Monday , November 19 2018
Home / Ensiklopedia / Analisis / Antara Ketergantungan dan Kolonisasi Gaya Baru

Antara Ketergantungan dan Kolonisasi Gaya Baru

Kajian Geopolitik Kontemporer

Di era kini, untuk mengkoloni (menjajah) negara target (obyek jajahan), suatu negara kolonial tidak perlu lagi harus menyerbu secara militer, kemudian menduduki wilayah, lalu mengekploitasi sumber daya negara tersebut, dan lain-lain. Itu kolonialisme klasik, modus tempo dulu atau model penjajahan purba.

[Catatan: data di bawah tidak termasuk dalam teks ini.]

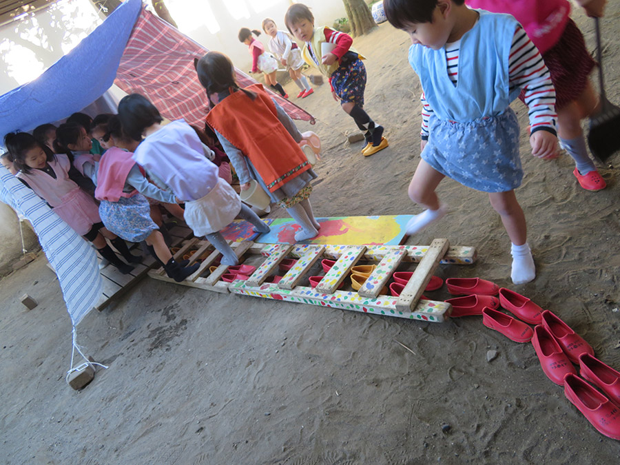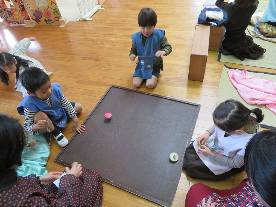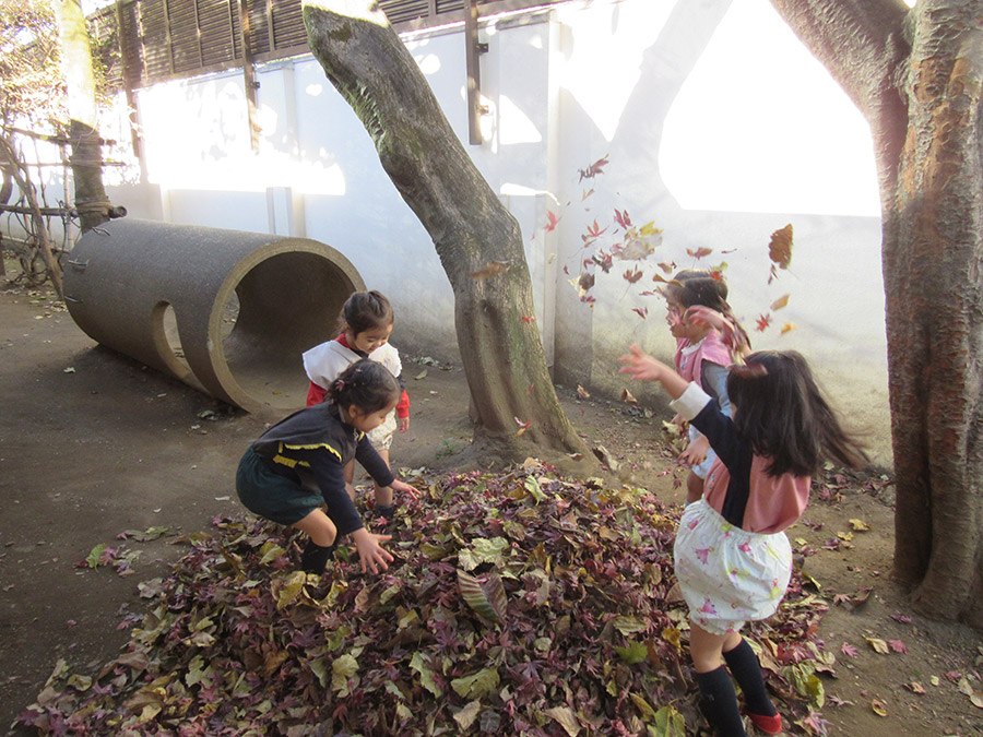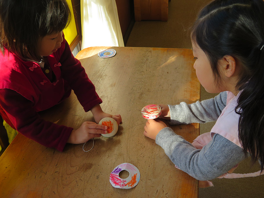 東洋英和幼稚園だより 3学期(その1) 新しい年になりました。年少、年中、年長全員が集まり礼拝を守ります。 お休みの間にこんなにたくさんの落ち葉が集まりました。高い高い山にしましょう! 子どもたちが大喜びです。「葉っぱのお山~!」 とても寒い日、天井をつけて…壁をつけて…あちらこちらに温かい家ができました。 お客さんがたくさん来て玄関の靴もきれいに揃えます。 不審者対応の訓練です。警備員さんも一緒に守ってくださいます。 自分の大切なコマ、思い思いに色を付けて… さあ!まわしてみましょう! 前へ 一覧へ戻る 次へ

Sekali lagi, penjajahan kini, lebih condong dijalankan secara nirmiliter, dimana salah satunya yaitu dengan menciptakan ketergantungan suatu negara atas sesuatu hal terkait air, pangan dan energi, atau ketergantungan kepada entitas lain seperti ketergantungan budaya, misalnya, atau ketergantungan terhadap hutang, dan seterusnya.

Kondisi tersebut jika terjadi di suatu negara identik telah berlangsung penjajahan di negeri dimaksud tetapi secara nonmiliter. Itulah kolonialisme gaya baru.

Secara geopolitik, pintu kolonialisme (gaya baru) tidak berubah. Polanya hampir sama dengan kolonialisme klasik, antara lain masuk melalui pintu:

1) ruang (living space atau lebensraum);
2) frontier;
3) keamanan negara dan bangsa; dan
4) politik kekuatan (power concept), dan seterusnya.

Empat pintu/dimensi di atas akan kita bahas di lain waktu dengan judul tulisan berbeda. Tidak pada catatan ini. Kita lanjutkan.

Selanjutnya, ketergantungan disini maknanya bukan tunggal. Narasinya tidak berdiri sendiri. Amerika Serikat (AS) misalnya, ketika ia tergantung pada minyak dari luar negeri akibat faktor produksi di internal hanya mampu mencukupi 40% kebutuhan warganya, sedang 60% diperoleh dari luar/dan terbanyak dari Timur Tengah, maka secara tesis, sejatinya geopolitik AS telah tergerus karena punya ketergantungan terhadap negara lain.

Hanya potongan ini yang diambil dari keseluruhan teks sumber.